» **Exercise**
Begin your copy at the line that holds "Vends émetteur récepteur" and carry it through the final line of the data, writing out each line exactly and omitting pictures.

» **Supplied information**
+++++
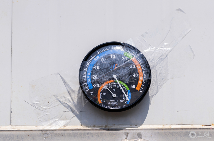 上午11点,在太阳的暴晒下,现场温度计显示环境温度已超过五十摄氏度。
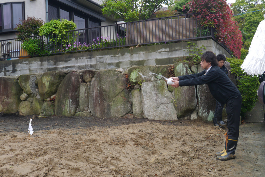 四方祓いでは、敷地の四隅を北東、南東、南西、西北、の順に酒、塩を撒いて祓い清めます!
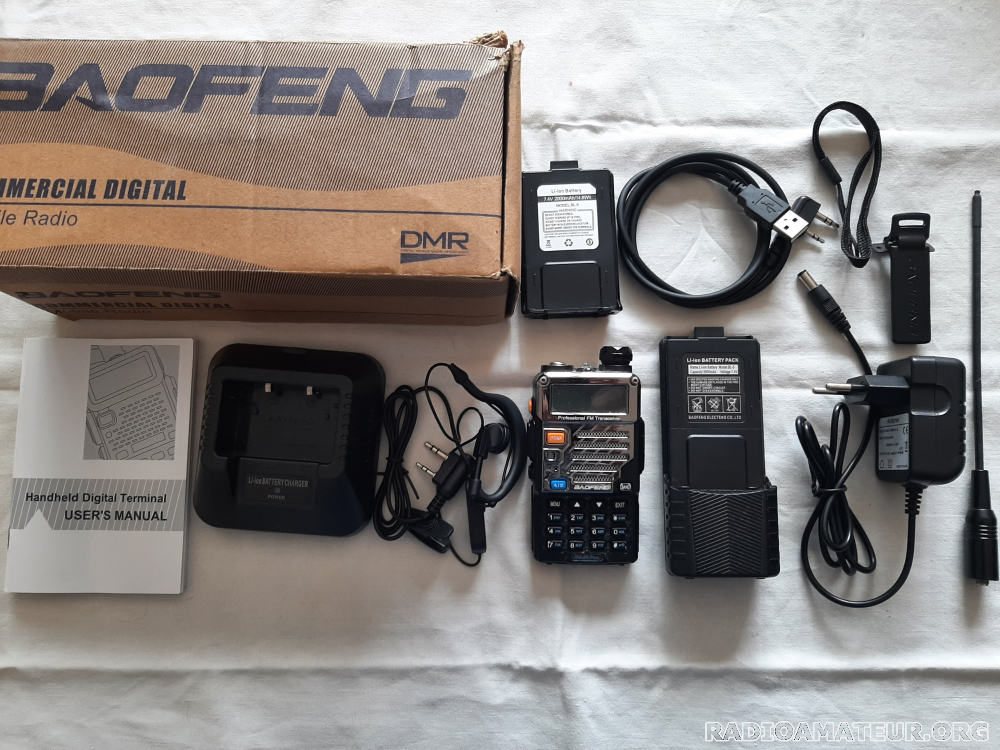 Vends émetteur récepteur Baofeng DM5R Plus VHF et UHF analogique et numérique DMR. Cet appareil fonctionne sous Open GD77 avec un codeplug couvrant la totalité des relais VHF et UHF Français numérique et analogique, la bande marine etc. Livré avec chargeur, batterie, batterie de grande capacité, câble de programmation, dragonne, clip ceinture, kit piéton (oreillette et micro), notice et emballage d'origine. Paiement Paypal, Expedition par Mondial Relay.
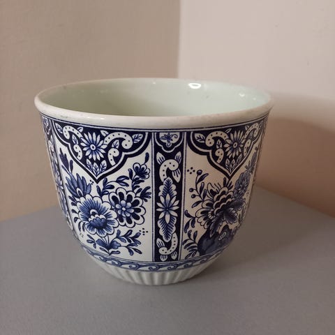 Vinrage håndmalet potteskjuler, måler højde 12 cm, Ø 14 cm. Pris kr 100 afhentet Kbh Ø. Forsendelse kr 50
+++++
» **Result for this exercise**
 Vends émetteur récepteur Baofeng DM5R Plus VHF et UHF analogique et numérique DMR. Cet appareil fonctionne sous Open GD77 avec un codeplug couvrant la totalité des relais VHF et UHF Français numérique et analogique, la bande marine etc. Livré avec chargeur, batterie, batterie de grande capacité, câble de programmation, dragonne, clip ceinture, kit piéton (oreillette et micro), notice et emballage d'origine. Paiement Paypal, Expedition par Mondial Relay.
 Vinrage håndmalet potteskjuler, måler højde 12 cm, Ø 14 cm. Pris kr 100 afhentet Kbh Ø. Forsendelse kr 50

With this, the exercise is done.